Under the county equalized mill system, Flathead County would see a uniform mill rate of 38.7. Taxpayers in Whitefish and Bigfork would see a slight increase. All other districts would see a reduction in their base mill rate. The dip in funding from local mills, Melton said, would be made up through GTB allocations.

Doug Reisig, executive director of the Montana Quality Education Coalition, said that county mill equalization is a way to narrow the funding gap between poorer and wealthier school districts, relieving the burden on the taxpayers who are required to put the most towards local schools.

By equalizing the county mills and decreasing the load on many communities, education advocates hope it will open the door for districts to pass additional levies. The Montana School Boards Association, Montana Quality Education Coalition, School Administrators of Montana, the Montana Rural Education Association and the Montana Association of School Business Officials, under the umbrella of the Coalition of Advocates for Montana’s Public Schools (CAMPS Coalition), have all voiced their support for the proposal, which they say will reduce taxes for 83% of Montanans.

The proposal, if approved by members of the Governor’s Property Tax Task Force, will land on the Gov. Greg Gianforte’s desk in the form of a recommendation that can be brought to the 2025 Legislature. If it does not make it to the governor’s office through the task force, a lawmaker can still carry it during the upcoming session. Education experts and lawmakers anticipate a number of proposals to reconfigure the state funding formula will be brought in 2025.

“We’re looking at the full funding formula this next session,” Rep. Linda Reksten, R-Polson, a member of the education interim committee, said. “We’re understanding where the funding is going and really schooling up legislators, as well as exploring how we can solve various issues.”

The CAMPS Coalition is advocating for a number of other funding mechanism changes.

According to Melton, the group hopes to move the state away from the per-student funding formula and towards payments per quality educator. With the current per-student formula, a 50-student school district that loses five students in a year will see a 10% drop in funding, a critical and sometimes insurmountable loss for small public schools. By putting more weight on educators and less on students, Melton said, the state can stabilize funding, especially for small, rural schools.

The group is also pushing to allow districts to increase taxes to meet the pressures of inflation. The Montana Legislature adjusts the growth rate for state education funding, which may not increase by more than 3% per year to account for inflation. The Legislature in 2023 authorized a 2.7% funding increase for 2024 and a 3% increase for 2025. 

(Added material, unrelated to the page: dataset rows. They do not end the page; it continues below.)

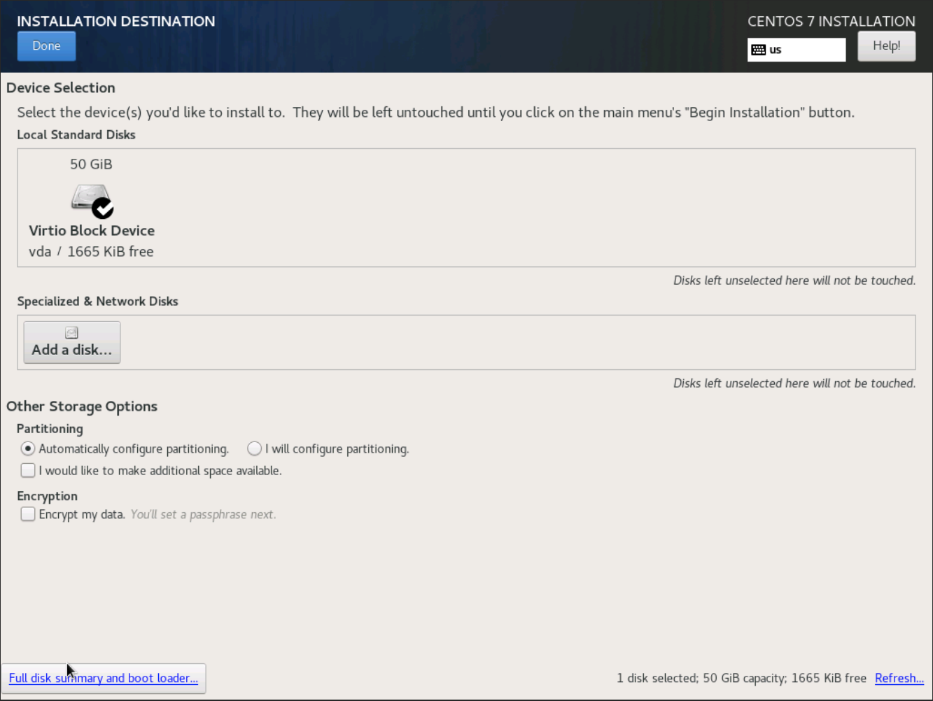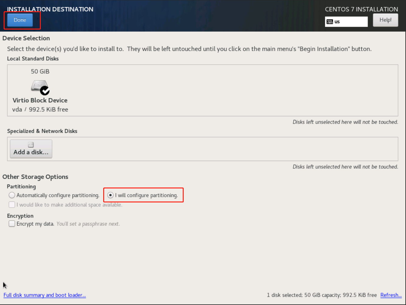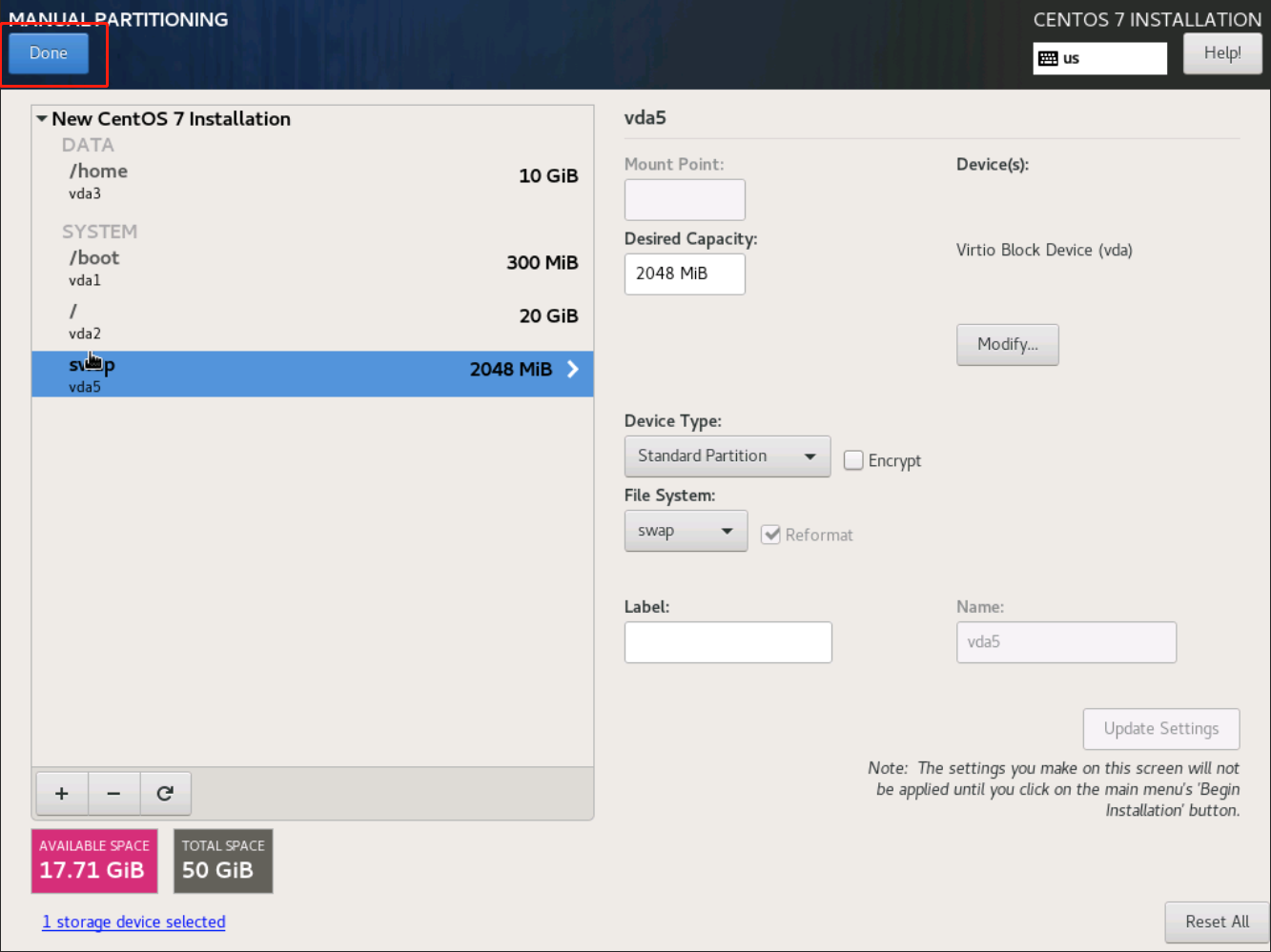 若使用手动分区,点击【I will configure partitioning】选择手动分区,再点击左上角【done】,进入分区界面。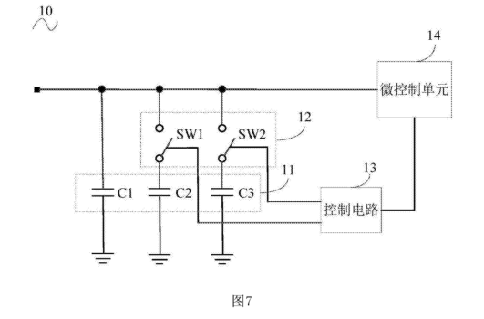 1.開關(guān)電源的起動電路包含:電容電路,電容電路的電容值可調(diào);和與電容電路銜接的調(diào)節(jié)器材,調(diào)節(jié)器材用于在開關(guān)電源上電過程中依照設(shè)定時序調(diào)整電容電路的電容值以改動起動電路的電容值。電容電路包含多個電容,多個電容并聯(lián),調(diào)節(jié)器材包含開關(guān)器材,開關(guān)器材包含與多個電容銜接的至少一個開關(guān)件,每個開關(guān)件與至少一個與電容串聯(lián)。調(diào)節(jié)器材用于調(diào)整可調(diào)電容的電容值。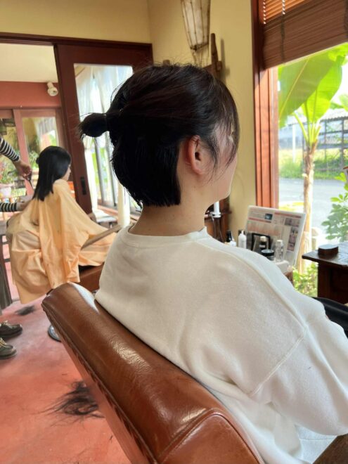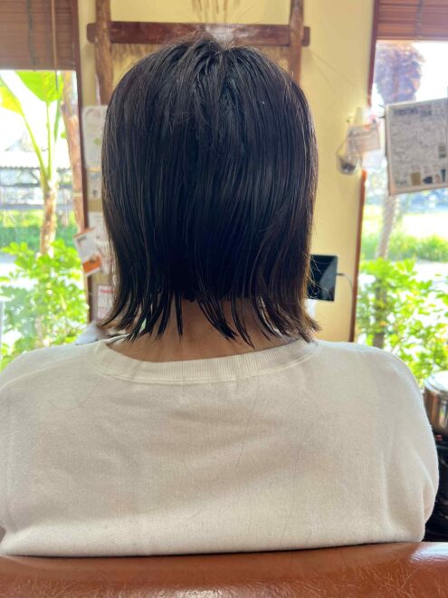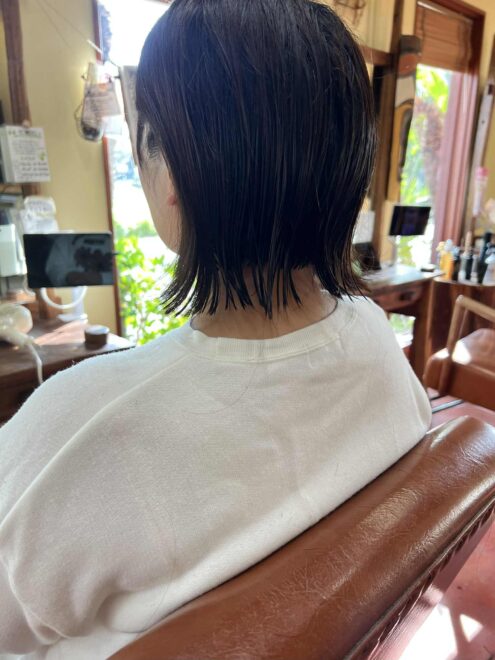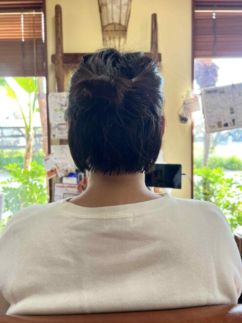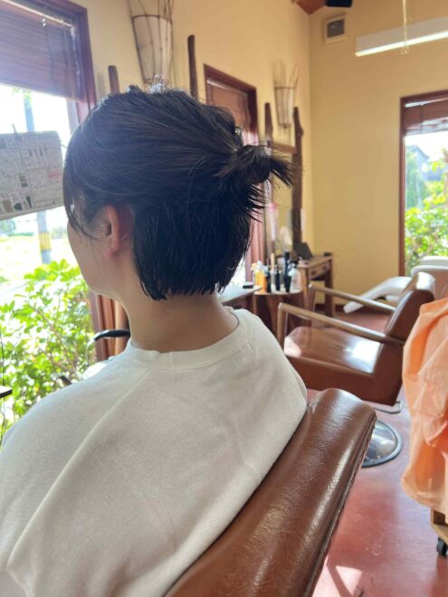 → 襟足の内側を短くカットすることで、驚くほど髪の量が減り、軽くなります。

Yet inflation has far outpaced a 3% rate, and educators have argued that it costs more to do everything, from running school buses to buying paper. The consumer price index saw 4.7% inflation in 2021; 8% in 2022; and 4.1% in 2023.

Melton said the 3% growth rate for school funding historically met Montana’s needs, but now is barely enough to help districts keep the lights on.

“It became a big deal when we had inflation following the pandemic that we hadn’t seen since 1978,” he said.